The Scary Part of an Acquisition
I’ve been part of an acquisition three times in my career, and can categorically say, as an employee at any level in a company: Being acquired tends to suck if you don’t like change. The bigger the differences between the acquired company and the company doing the buying, the greater the process is likely to suck. People who like to work for small companies often don’t fit into large enterprises easily, and it is hardly unusual for the smaller firm to find its offices shut down and the employees, or their jobs, moved to the larger firm to contain costs.’
That is likely how the news of the Voodoo change leaked out. I expect that an employee who really didn’t like the idea of relocating decided to leak the information out about the consolidation, in the hope that the Voodoo fan base would go ballistic and stop the changes. I’ve actually never seen this happen, and the result, typically, is a much higher level of distrust between the parent company and the one that was acquired.
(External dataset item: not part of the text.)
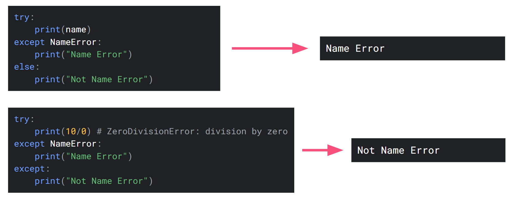 We can also specify a specific error to catch using except. Consequently, like if/else statements, we can stack except statements:
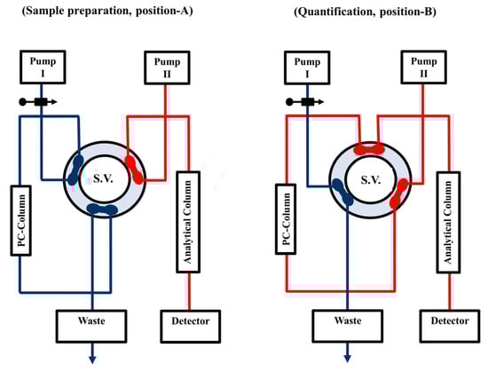 Figure 1 represents a back flushed (BF) direct sample injection (DSI) bio-analytical HPLC-based manifold (BA-HPLC) with UV detection (BF-DSI-BA-HPLC-UV). This manifold comprises two pumps (Agilent 1100 Series Iso pump G1310A, Agilent Technologies, Santa Clara, CA, USA); one is used to load serum samples onto the PC-pre-column (laboratory prepared) of ODS silica (PC-ODS-pre-column) (20 mm × 4.6 mm i.d., 20 µm particle size) [32] in the extraction position, and the other is used to flush carbamazepine from the PC-ODS-pre-column to the analytical column of ZORBAX Eclipse XDB-C18 (15 cm × 0.46 cm i.d. (5 µm particle size)) in a BF mode for the quantification purpose. An injector, model 7725i (with a 100-µL loop), and a flow switching high-pressure valve, model 7000, (Rheodyne, Berkeley, CA, USA) were utilized to load samples and facilitate the flushing of carbamazepine from the extraction position onto the quantification position at a flow rate of 1 mL/min. To monitor carbamazepine at 230 nm, a model Agilent 1100 Series VWD G1314A UV/Vis detector was employed. Software from Agilent, LC ChemStation, was used for data collecting. All experiments were conducted at (21 ± 1 °C).

Also, when you are talking companies of HP’s scale, they can typically trace down the leak. And if they find you, the words “career limiting” are generally an understatement. Your only real choices are to either suck the change up, or take a package (assuming there is one) and go work someplace else. In this economy, I’m thinking the second choice may not be the best one.
What This Means for Voodoo
For some time now, functions like marketing had already been shifting from Voodoo to HP, and many of the most creative people had been moving into HP to assist with projects ranging from the HP Blackbird to enterprise workstations and servers. To Voodoo’s advantage, it gained access to the massive HP labs facility, and the technology contained within it. Much of what’s inside (and I always get the mental image of the warehouse in the first and last Indiana Jones movies) has never seen the light of day.
Taking a bunch of creative types and giving them access to cutting-edge super-secret enterprise tech is like letting a little kid who loves candy into a candy store, unsupervised. The eyes get big, the pockets fill up, and hopefully something sweet results.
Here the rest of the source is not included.